## Information given
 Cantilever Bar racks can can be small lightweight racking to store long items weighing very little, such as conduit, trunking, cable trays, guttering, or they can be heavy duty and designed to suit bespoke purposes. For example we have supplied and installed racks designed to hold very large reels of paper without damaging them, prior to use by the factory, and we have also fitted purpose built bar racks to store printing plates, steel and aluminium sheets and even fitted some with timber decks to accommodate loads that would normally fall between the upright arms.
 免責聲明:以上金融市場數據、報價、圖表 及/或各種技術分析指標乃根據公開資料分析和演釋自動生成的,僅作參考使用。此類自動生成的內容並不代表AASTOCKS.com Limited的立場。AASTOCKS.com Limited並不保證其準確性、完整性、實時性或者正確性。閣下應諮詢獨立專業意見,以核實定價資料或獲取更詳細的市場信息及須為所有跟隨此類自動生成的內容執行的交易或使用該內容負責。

* * *

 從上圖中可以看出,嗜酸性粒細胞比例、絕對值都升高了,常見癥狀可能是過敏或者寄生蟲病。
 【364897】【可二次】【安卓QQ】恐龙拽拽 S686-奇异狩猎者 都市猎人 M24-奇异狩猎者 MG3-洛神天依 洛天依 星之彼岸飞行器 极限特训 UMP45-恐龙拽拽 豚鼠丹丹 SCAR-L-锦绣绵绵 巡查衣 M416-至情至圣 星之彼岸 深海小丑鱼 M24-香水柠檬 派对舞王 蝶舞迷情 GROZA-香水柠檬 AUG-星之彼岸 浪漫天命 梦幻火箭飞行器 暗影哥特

## Exercise details
Please return the lines above that run from the line containing "從上圖中可以看出,嗜酸性粒細" to the line containing "浪漫天命 梦幻火箭飞行器 暗影哥特", inclusive, exactly and with no other lines.

## Reply to the task
 從上圖中可以看出,嗜酸性粒細胞比例、絕對值都升高了,常見癥狀可能是過敏或者寄生蟲病。
 【364897】【可二次】【安卓QQ】恐龙拽拽 S686-奇异狩猎者 都市猎人 M24-奇异狩猎者 MG3-洛神天依 洛天依 星之彼岸飞行器 极限特训 UMP45-恐龙拽拽 豚鼠丹丹 SCAR-L-锦绣绵绵 巡查衣 M416-至情至圣 星之彼岸 深海小丑鱼 M24-香水柠檬 派对舞王 蝶舞迷情 GROZA-香水柠檬 AUG-星之彼岸 浪漫天命 梦幻火箭飞行器 暗影哥特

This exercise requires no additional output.